[Study material]

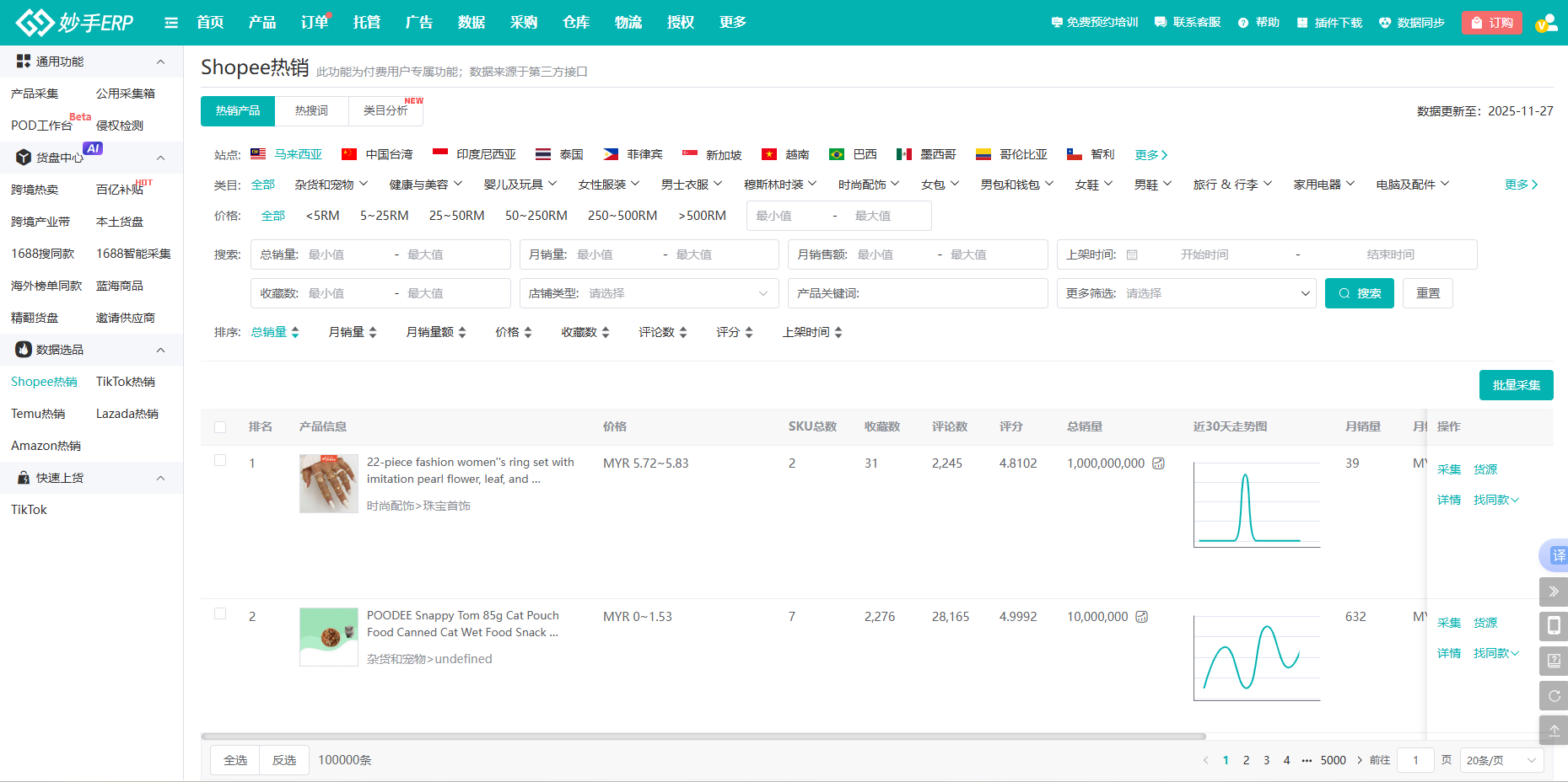 通过以上两个功能板块确定选品后,还可直接使用右侧功能一键采集到妙手ERP的采集箱,编辑后即可批量上架到自己的Shopee店铺,提升运营效率。
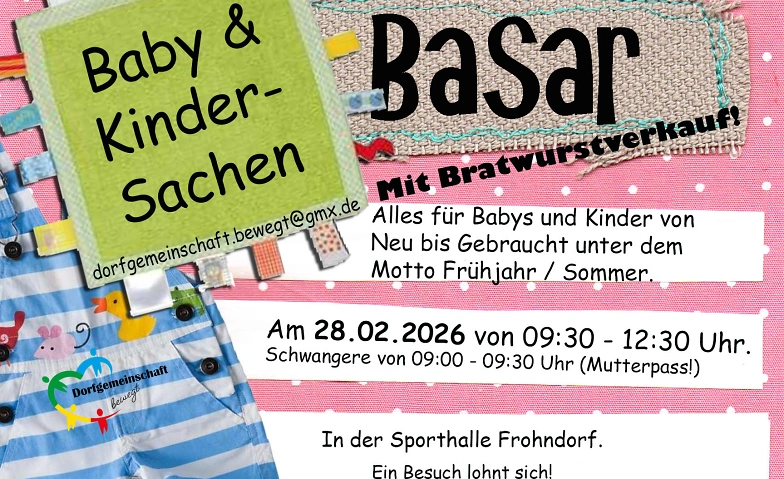 Baby- und Kindersachenbasar Frühjahr/Sommer  in Frohndorf Sporthalle Frohndorf, Dorfplatz 1, 99610 Sömmerda Tickets
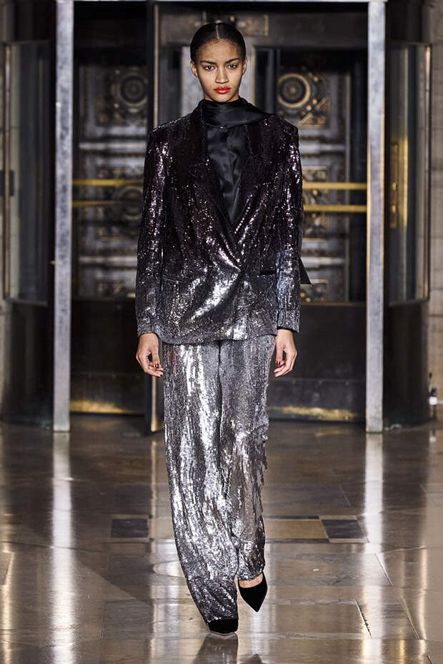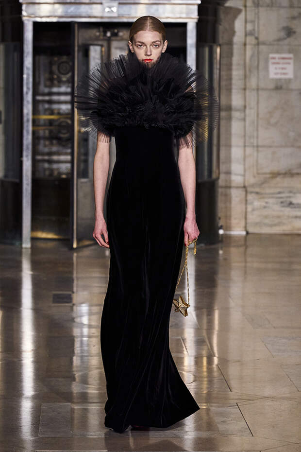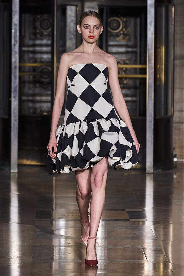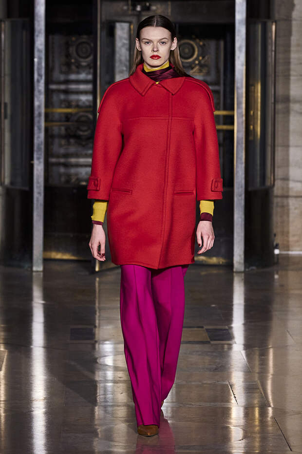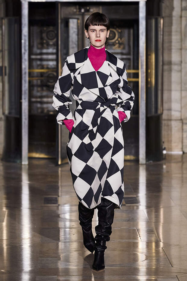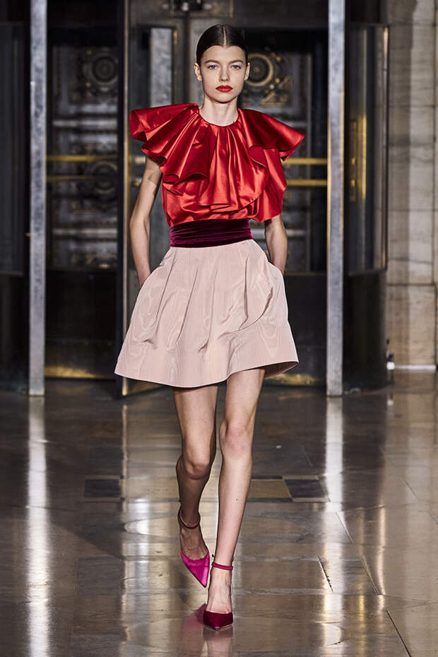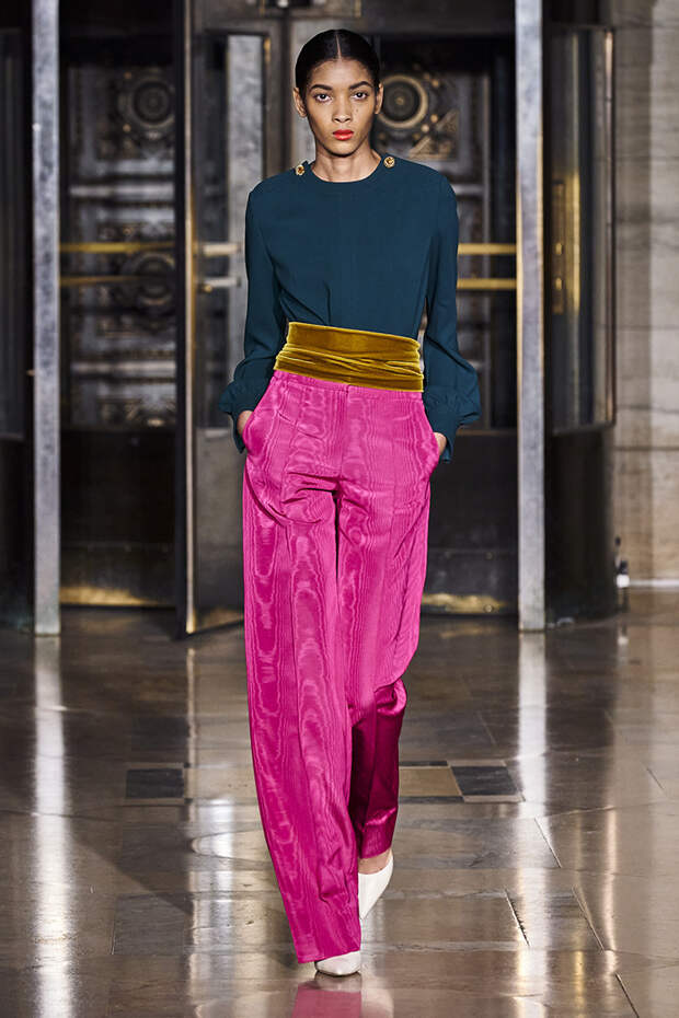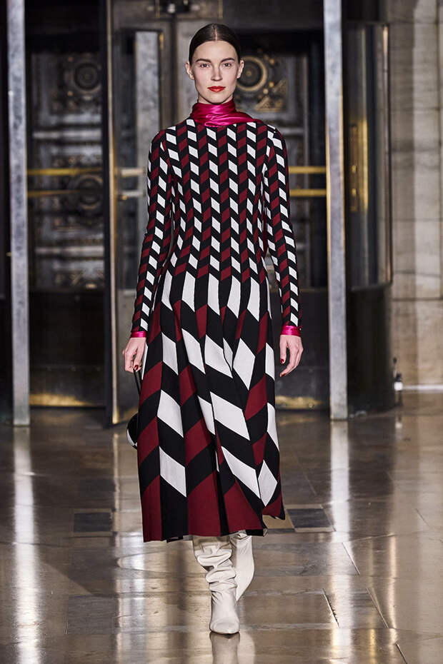 Делайте пометки, сторонники монохрома: красный — с фуксией и желтым, розовый — с бирюзовым, голубой — с красным. Это и стало главным приемом повседневной части коллекции. К нарядам скромных тонов, например, серому костюму или простому черному платью, тоже подбирались неожиданные цветные акценты — где-то из ворота неодиданно появлялся красный воротничков водолазки, где-то из рукавов показывались салатовые манжеты.В вечерней же части (а она вышла в несколько раз больше) контрасты отошли в сторону — когда начинается праздник, становится не до упражнения по колористике. Именно черно-белых нарядов, несмотря на заявленные референсы, в ней, что забавно, не было совсем — разве что пара платьев с размашистыми цирковыми ромбами, и на этом все.
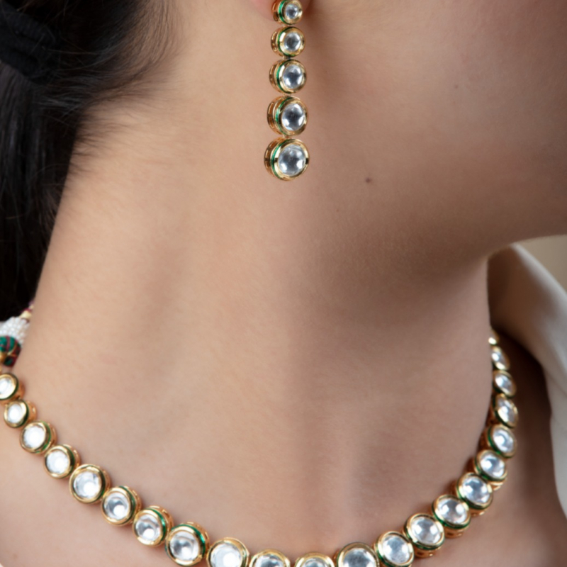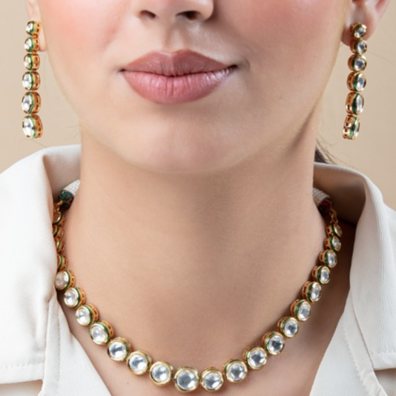 Enhance your look with this sophisticated necklace set, perfect for both traditional and modern occasions.✨ Choker-style necklace – A sleek row of finely crafted Kundan stones set in a gold-toned base for a timeless appeal.
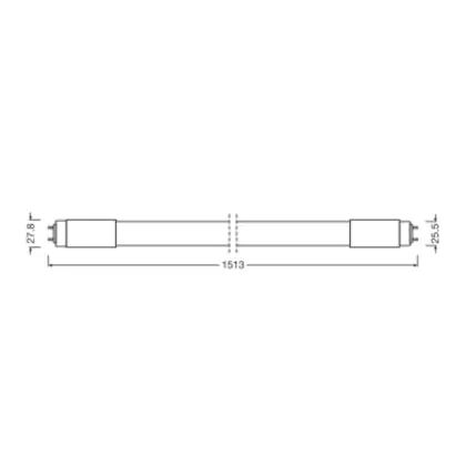 Wenn Sie zu LED wechseln, ist es wichtig, dass Sie die Länge und Wattanzahl Ihrer bisherigen Leuchtstoffröhre beachten. Diese 24 W LED-Röhre ersetzt eine konventionelle 58 W Leuchtstoffröhre mit einer Länge von 1513 mm. Der Durchmesser beträgt genau wie bei der konventionellen T8-Leuchtstoffröhre 25,4 mm. Auch der Sockel ist gleich: G13. Dieser kommt mit zwei Sockelstiften daher, die genau 13 mm auseinanderstehen.
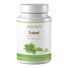 Ayuna Tulasi Veg Capsule 60’s contains pure extract of Tulasi (Holy Basil), a revered Ayurvedic herb known for its potent antioxidant and antimicrobial properties. Tulasi supports respiratory function by helping to clear mucus, ease breathing, and reduce the impact of seasonal allergies. It is traditionally used to strengthen the immune system, helping the body resist common colds, flu, and infections. The herb also supports stress relief by promoting mental calmness and emotional balance. Its adaptogenic nature helps the body cope with physical and environmental stressors effectively. Made with high-quality, plant-based ingredients, it is 100% vegetarian and free from harmful additives. Suitable for regular use under professional guidance.
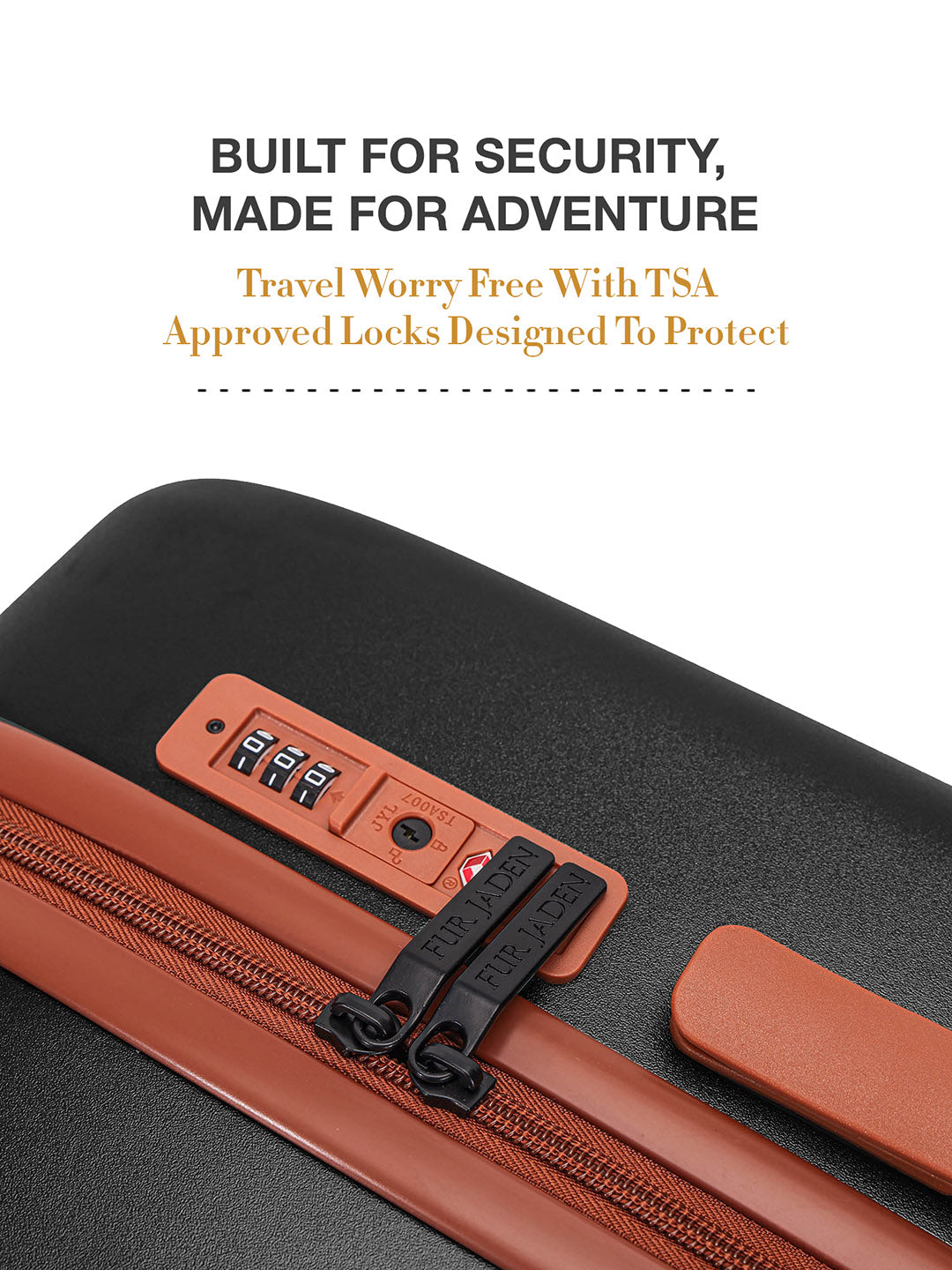 Elevate your travel experience with The Wayfarer, our classic polycarbonate suitcase, a fusion of timeless style and modern performance. Featuring a retro-inspired design with a luxurious metallic sheen embedded into the unbreakable polycarbonate shell, this suitcase is as durable as it is elegant. Ideal for all ages, it boasts a secure TSA-approved lock, aerospace-grade trolley system, and silent StealthTech wheels for a butter-smooth glide. Enhanced with premium vegan leather trims for an extra touch of sophistication, the suitcase is lightweight and easy to maneuver, while the built-in internal organizer ensures your belongings stay perfectly arranged. The Fur Jaden Wayfarer – a modern classic that redefines travel.

[/Study material]

◆ What you will do
Only the lines from the top of the data through the line with "Baby- und Kindersachenbasar" should be quoted, exactly and with both ends kept; skip the pictures.

◆ Expected answer
 通过以上两个功能板块确定选品后,还可直接使用右侧功能一键采集到妙手ERP的采集箱,编辑后即可批量上架到自己的Shopee店铺,提升运营效率。
 Baby- und Kindersachenbasar Frühjahr/Sommer  in Frohndorf Sporthalle Frohndorf, Dorfplatz 1, 99610 Sömmerda Tickets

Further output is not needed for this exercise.